For safety, I never use the same exact password unless it’s the very generic one for services that I don’t care about at all; any service that really keeps information about me, like Amazon and various other hardware (and software) suppliers, have a different password each. I try to stick, whenever I can, with the same username; although sometimes I’m provided an username already (and sometimes, they use my surname, included the accented “ò” letter that ensures funny stuff will happen).
Now, with so many different passwords, it’s almost logical that at some point I’ll forget one; I actually make use of the save password feature in the various OSs/browsers to remember the password for me (on the other hand, I do change some passwords periodically). Sometimes though, when I reset Firefox, change computer, or simply use a new box, I find myself in small trouble since I can’t remember what password I was using on a given site.
This is usually not too bad since almost all sites nowadays provide a “Lost Password” feature. The problem is that such feature is, often enough, written in so many bad ways:
- don’t send me my old password! If you’re able to send me my old password, then you’re already at two failure points: the first is that you have my password saved in clear text in your database (which is bad because if your database is compromised, your user’s passwords are readable), the second is that you sent me an email, most likely through clear text channels, with the password in clear-text;
- don’t just change my password! What if somebody else was asking for my password to be changed to waste my time? Send me a token to change the password, please;
- don’t just send me a permanent new password Even though I’m smart enough to change it right away, make the password a one-time temporary password that requires me to change it right away, pretty please; this way nobody could find it in my mail archive by mistake (the stolen-laptop kind of problem).

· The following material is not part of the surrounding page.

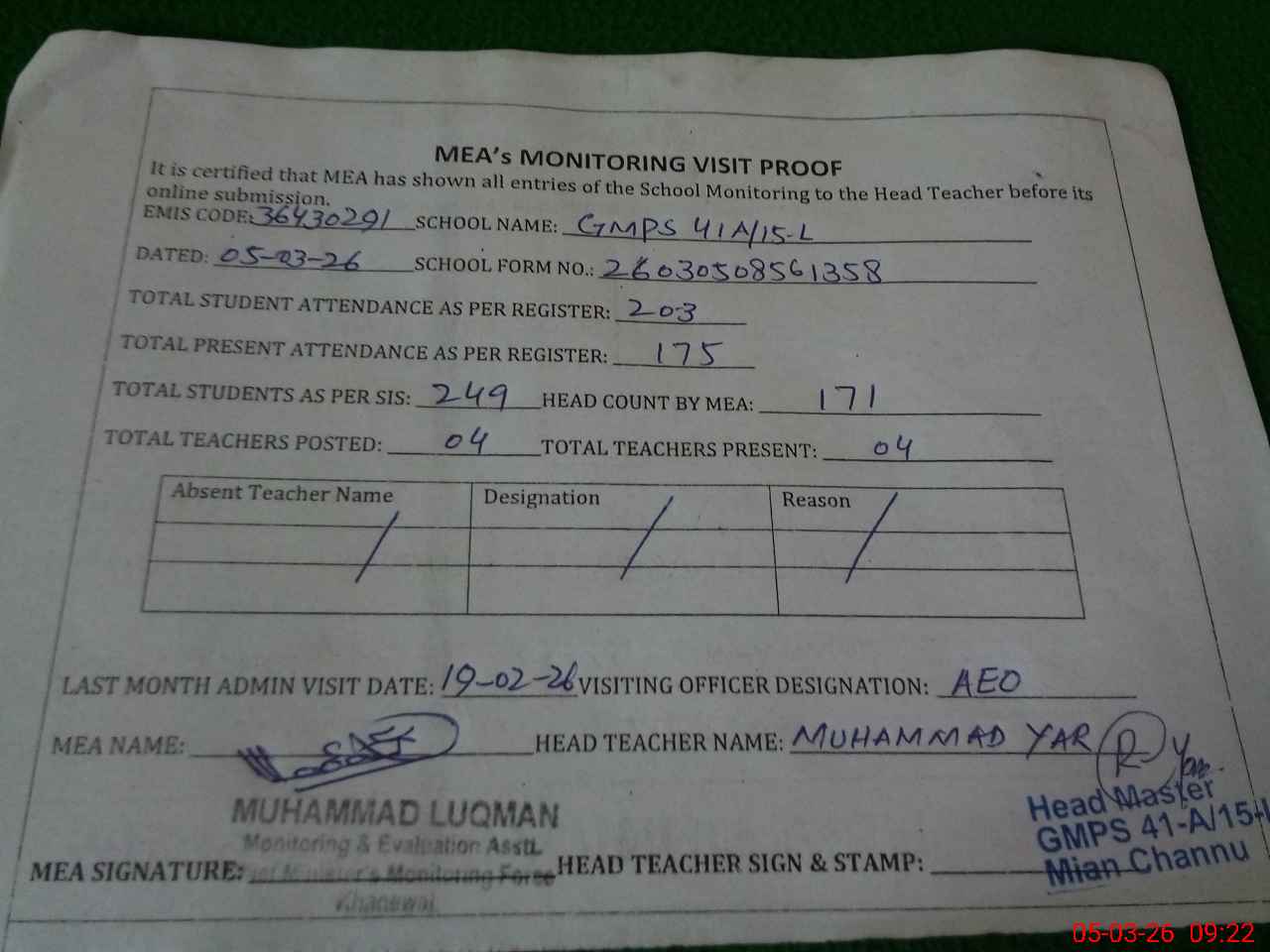 | EMIS Code: 36430291 | Name of School: GMPS 41-A/15-L, MIAN CHANNU | |||
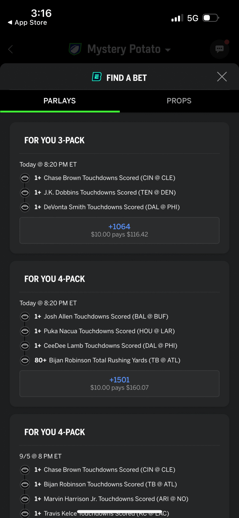 So I can take a CeeDee Lamb touchdown quickly, minimize his player card, then scroll down to Chase Brown and bet his receiving prop to start a parlay, or I can just bet them separately.

While I’m not the kind of paranoid person who would use continuously one-time passwords (well, without considering the banking account), I’m paranoid enough to be doubtful when a service does not provide SSL-based login (okay even my own blog does not do that, but in general I mean for important stuff), and I seriously get scared when a service that remembers – for instance – my credit card, sends me an email with my password in clear-text. Which is why I use different passwords in the first place.
I learnt this the hard way actually, because the ASP web application used for the forum of an ancient gaming site I was involved is stored the passwords in clear-text, on an Access database file that was readable via HTTP if you knew the path, and since that went hacked quite easily (I only started administering that box after this happened), and I was using the same password for lots of services.